American lawyer (born 1952)

Harvey Rosenfield (born 1952) is an American lawyer, author and consumer advocate. In 1985, he founded Consumer Watchdog, a nationally recognized, nonpartisan nonprofit public interest group. He serves as the group's counsel.

He is best known for drafting, and organizing the campaign for, Proposition 103, a ballot proposal that rolled back automobile insurance rates in California. In 2014, the Consumer Federation of America estimated that Proposition 103 has saved California consumers over $100 billion since 1988.
Rosenfield's consumer advocacy work focuses on insurance company overcharges, health care patient protection, and other consumer rights.

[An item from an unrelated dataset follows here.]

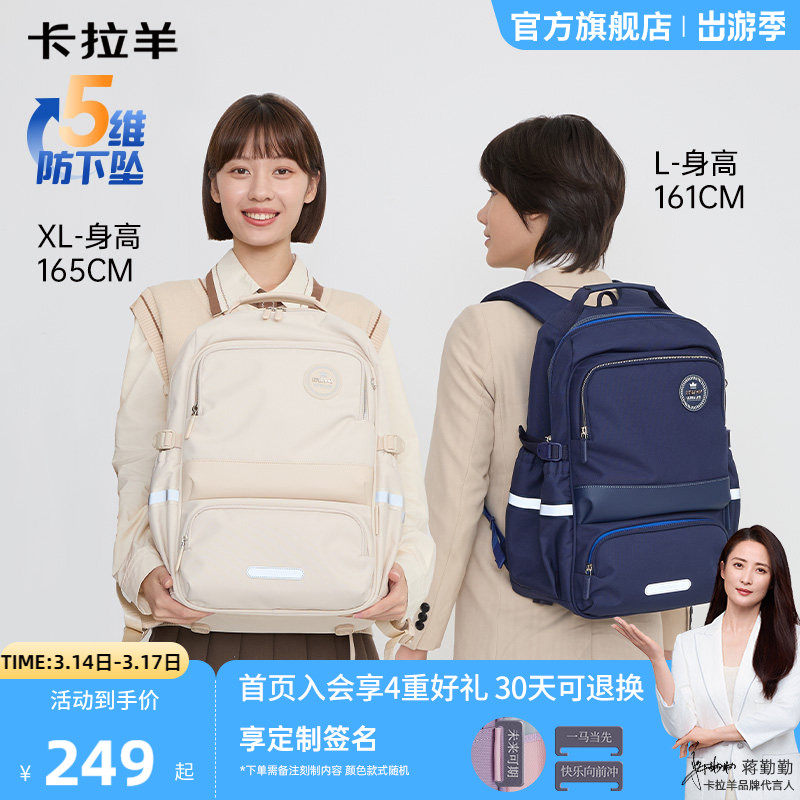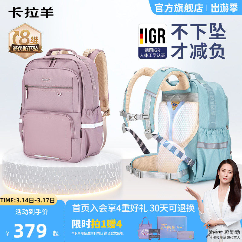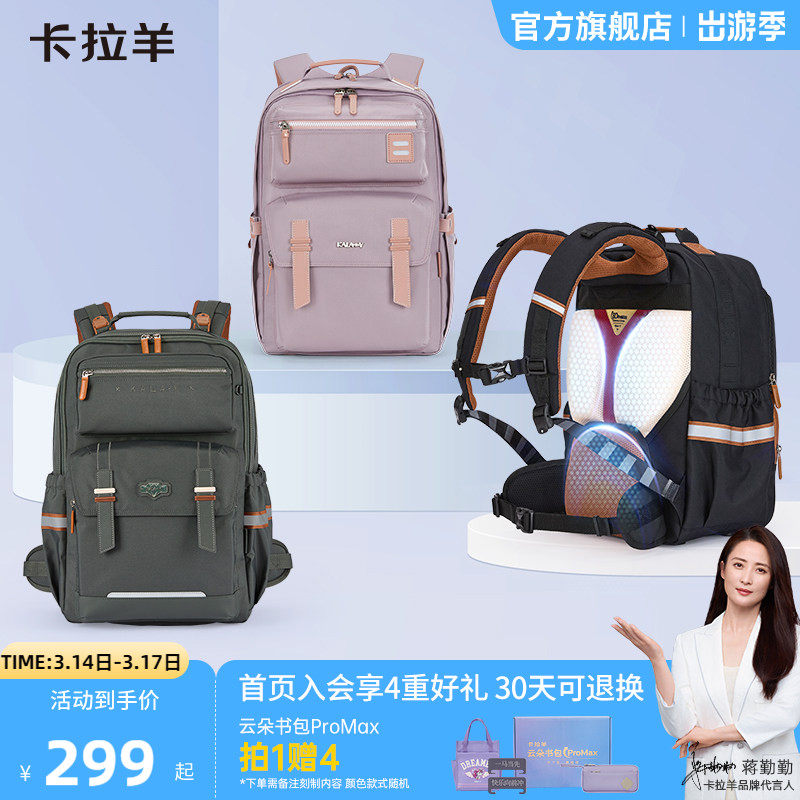 卡拉羊中学生书包减负风琴书包男女生青少年书包小学生书包儿童双肩包男孩大容量女孩防水书包品牌旗舰正品
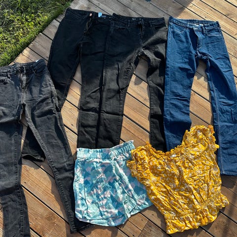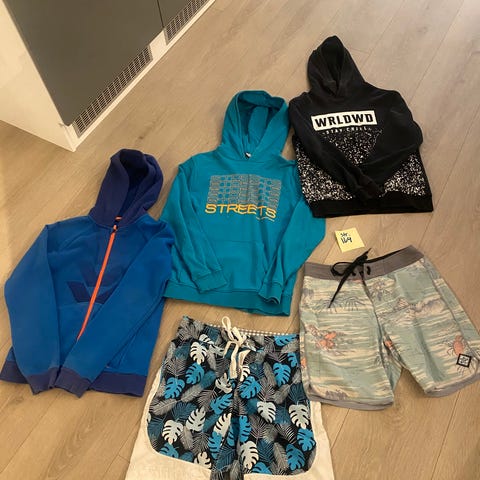 3 skjorter og 1 sort dressbukse. Klærne er pent brukt uten merker. Noe i str 164 og noe i 170

==Early life and education==
Rosenfield was born in Boston, Massachusetts in 1952 and grew up in Randolph. His father was an accountant and his mother, a painter and poet. In 1970, Harvey Rosenfield was involved in his first grass roots campaign: the "Smoke Out" at Randolph High School. The campaign encouraged community members to give up smoking for a day and donate the monetary equivalent of a pack of cigarettes to a scholarship fund. Rosenfield's high school guidance counselor, Art Mullaney, originated the idea and Rosenfield attributes his "success to [Mullaney]" and others who mentored him. The group raised $4500 and attracted the attention of the American Cancer Society, which used the "smokeout" theme in its "Great American Smokeout" campaign, beginning in 1977.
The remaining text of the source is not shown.